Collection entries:
* * * * * * *
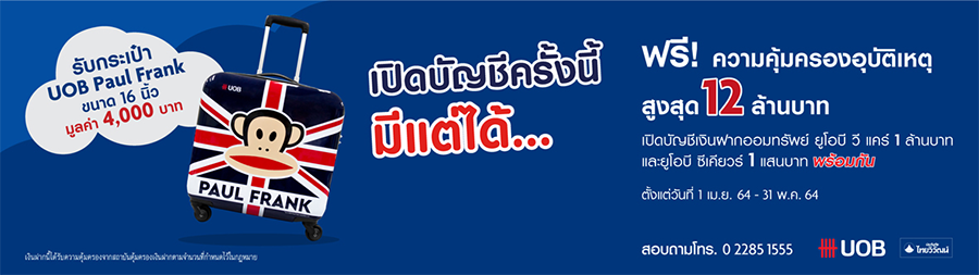 บัญชีเงินฝากออมทรัพย์ยูโอบี วีแคร์ (UOB Vcare) 1 ล้านบาท และ บัญชีเงินฝากออมทรัพย์ยูโอบี ซีเคียวร์ 1 แสนบาทพร้อมกัน รับกระเป๋า UOB Paul Frank ขนาด 16 นิ้ว มูลค่า 4,000 บาท
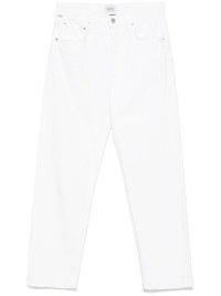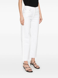 logo-patch jeans Highlights - White - Front button and zip fastening - Belt loops - Classic five pockets - Logo-engraved silver-tone hardware Made in United States Composition Cotton 98%, Polyurethane 2% SIZE & FIT Model measurements Height 5 ft 9 in(1.76 m) Bust/Chest 32.28 in(82 cm) Hips 35.43 in(90 cm) Waist 25.19 in(64 cm) FittingInformation Designed for a straight-leg fit, these jeans allow for a close fit at the waist and an unrestricted and comfortable fit over the leg Constructed from stretch denim, this piece offers a stretch fit with durability
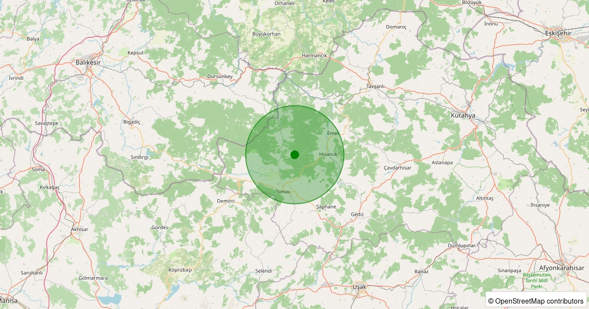 Son 7 gün içinde Simav - Yeşildere Köyü noktasından 100 km yarıçap içerisinde meydana gelen diğer depremler:
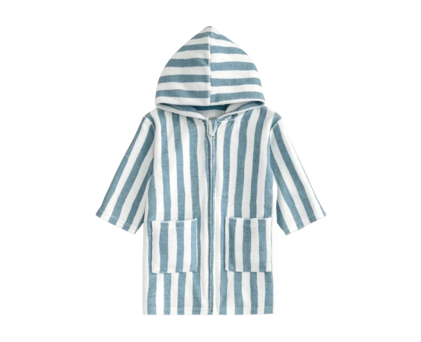 This striped hooded poncho is made from ultra-soft, absorbent towelling fabric, featuring a cosy hood, zip fastening, and practical patch pockets for comfort after bath or swim time. Designed to keep little ones warm and snug, it is both stylish and functional. Ideal to wear over swimwear or pyjamas at the beach, pool, or at home.
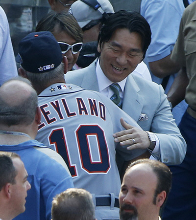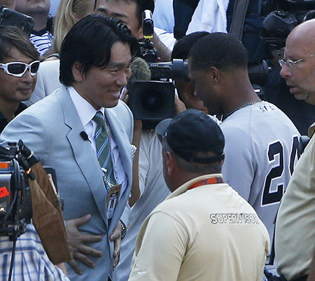 ヤンキース時代に共にプレーし、最後のオールスターに望むヤンキース・リベラと固い握手を交わす松井秀喜氏=シティ・フィールド(撮影=大橋小太郎)
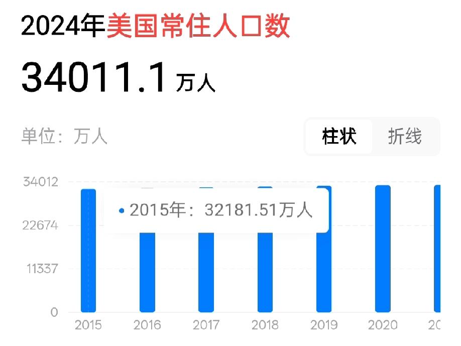 美国每年有源源不断的移民人数,但总人口控制的非常不错,维持在3.4亿人。 是有哪
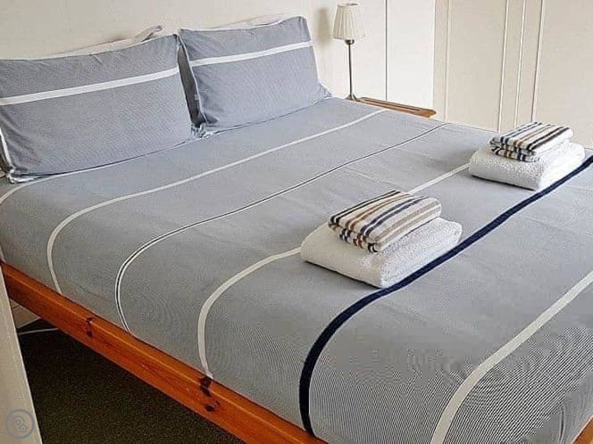 Inside, it's got everything you'd need: a washing machine, dishwasher, WiFi, TV. Bedding and towels are included. There's a cot and highchair if you need them. Pets aren't allowed.
* * * * * * *
Set down only the lines running from the line with "美国每年有源源不断的移民人数" to the end of the entries, inclusive; omit every picture.

 美国每年有源源不断的移民人数,但总人口控制的非常不错,维持在3.4亿人。 是有哪
 Inside, it's got everything you'd need: a washing machine, dishwasher, WiFi, TV. Bedding and towels are included. There's a cot and highchair if you need them. Pets aren't allowed.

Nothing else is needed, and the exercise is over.